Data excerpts
[Start of section]

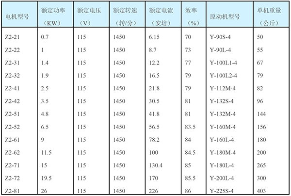 Z2系列发电机(115伏,1450转/分)
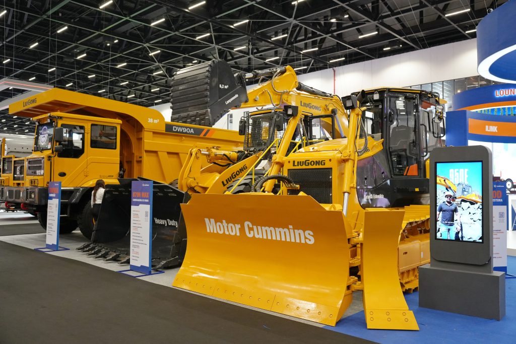 LiuGong’s booth covers an area of 1360 square meters, showcasing more than 30 machines including wheel loader, electric wheel loader, excavator, mining truck, roller, motor grader, bulldozer, skid steer loader, backhoe loader, aerial work platform, forklift, etc.
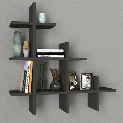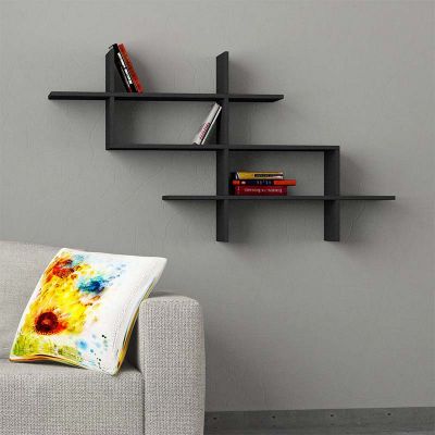 11. Ραφιέρα τοίχου Halic Megapap μελαμίνης χρώμα ανθρακί 150x22x82εκ.
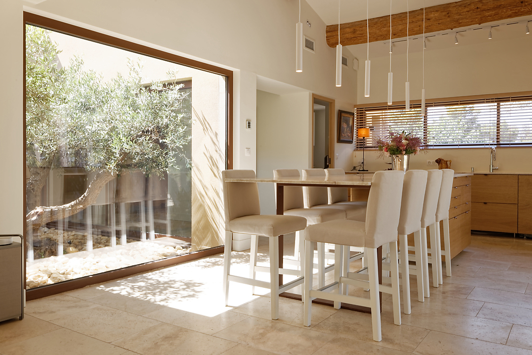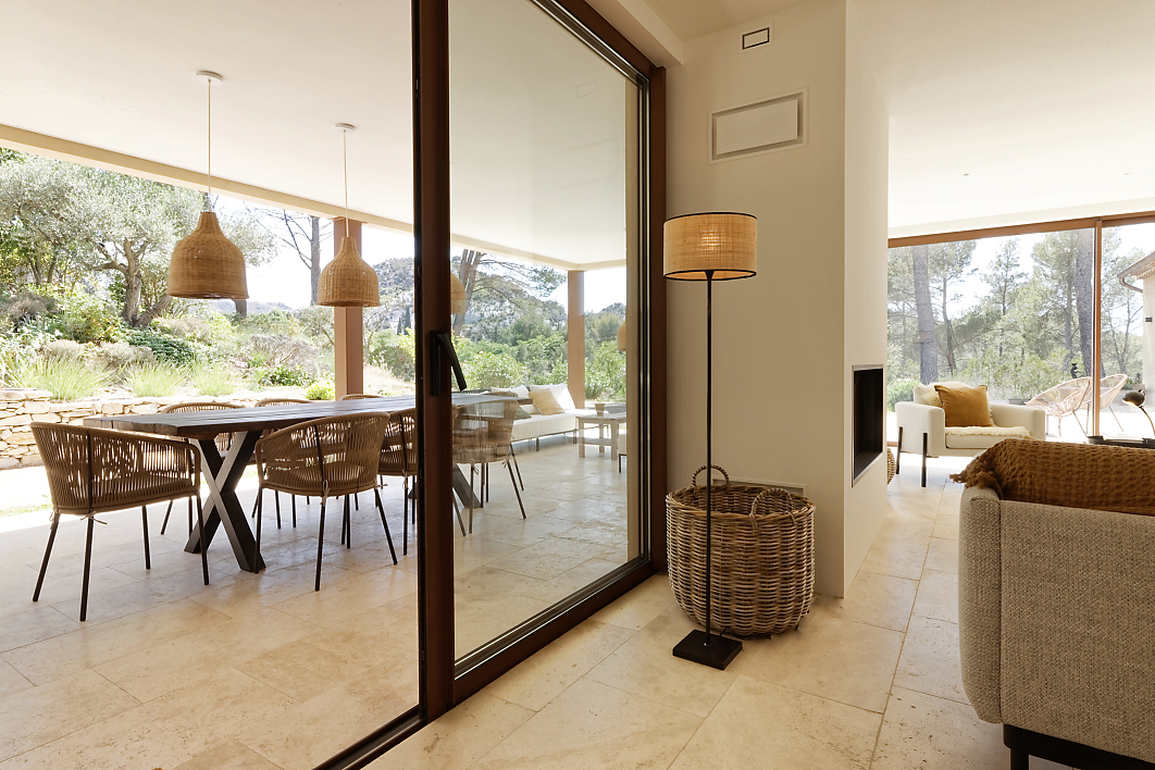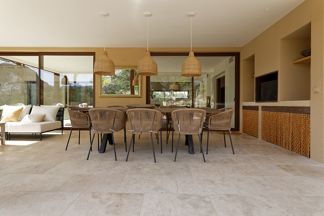 Kitchen with dining area open to the outside with kettle, dishwasher and Covered and equipped Terrace with large dining table
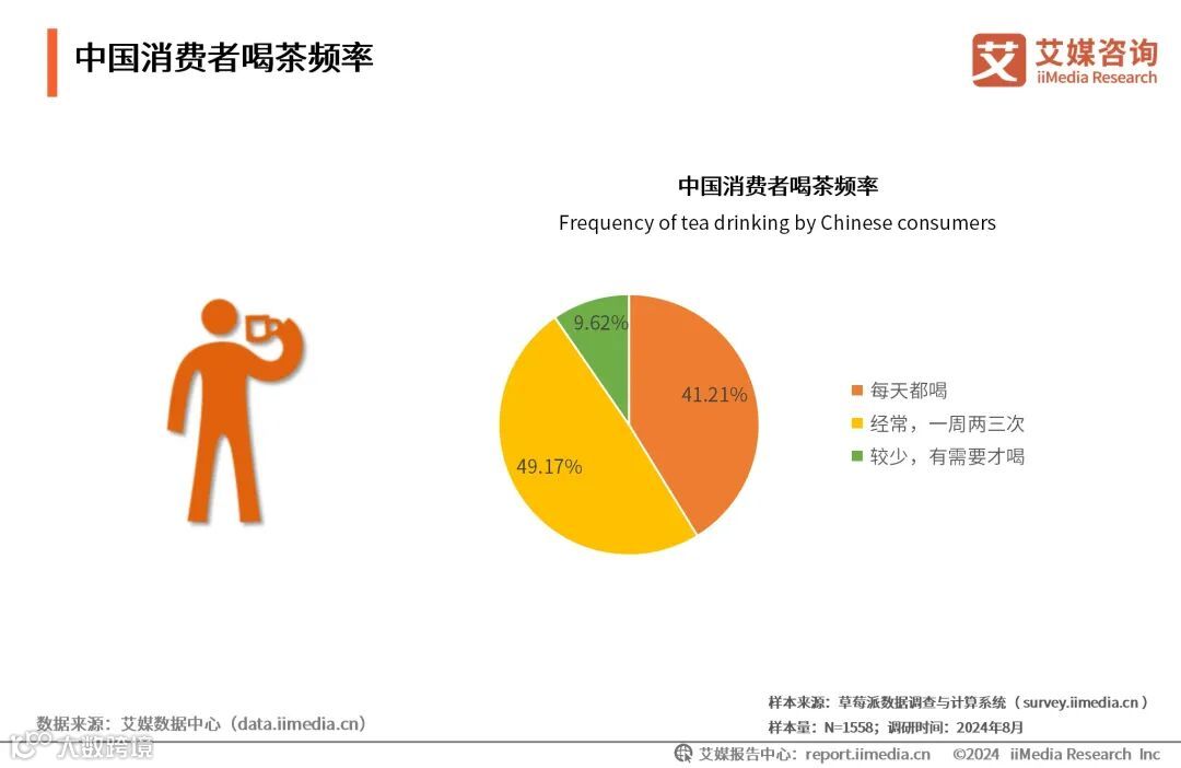 iiMedia Research(艾媒咨询)数据显示,中国消费者基本有着喝茶的习惯,保持每天喝茶习惯的消费者占41.21%,一周喝茶两三次的消费者占49.17%。艾媒咨询分析师认为,中国饮茶文化从古流传至今,在日常生活中广泛渗透,国人饮茶已成为一种普遍现象。加之当代人对于健康养生的需求不断上升,饮茶愉悦身心、滋养身体的益处让越来越多的消费者关注并选择饮茶。
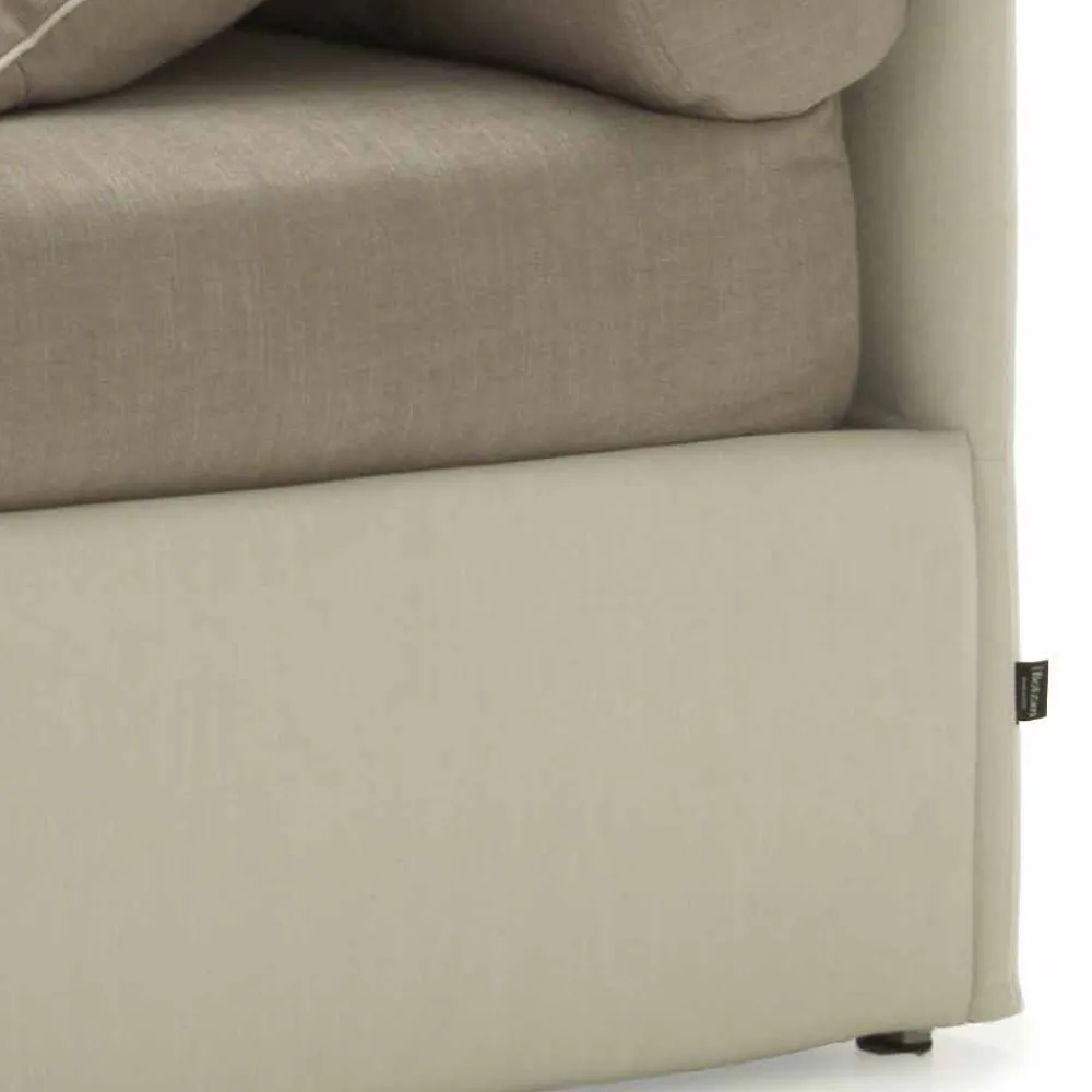 Hergestellt aus einer Struktur aus Eisen und Rohholzfasern, umhüllt mit Polyurethanschaum ohne Fluorchlorkohlenwasserstoffe gemäß UNI-Normen und ausgekleidet mit lichtbeständigem Velfodera. Auf dieser Basis ist ein Metallrahmen H. 30 mm montiert, lackiert mit duroplastischem Epoxidpulver, mit einer Basis aus dampfgebogenen Buchenlatten.

[End of section]

**Task details**
Write out exactly the lines beginning with the line that holds "Kitchen with dining" and ending with the final line of the data, both ends included, without the pictures.

**Expected answer**
 Kitchen with dining area open to the outside with kettle, dishwasher and Covered and equipped Terrace with large dining table
 iiMedia Research(艾媒咨询)数据显示,中国消费者基本有着喝茶的习惯,保持每天喝茶习惯的消费者占41.21%,一周喝茶两三次的消费者占49.17%。艾媒咨询分析师认为,中国饮茶文化从古流传至今,在日常生活中广泛渗透,国人饮茶已成为一种普遍现象。加之当代人对于健康养生的需求不断上升,饮茶愉悦身心、滋养身体的益处让越来越多的消费者关注并选择饮茶。
 Hergestellt aus einer Struktur aus Eisen und Rohholzfasern, umhüllt mit Polyurethanschaum ohne Fluorchlorkohlenwasserstoffe gemäß UNI-Normen und ausgekleidet mit lichtbeständigem Velfodera. Auf dieser Basis ist ein Metallrahmen H. 30 mm montiert, lackiert mit duroplastischem Epoxidpulver, mit einer Basis aus dampfgebogenen Buchenlatten.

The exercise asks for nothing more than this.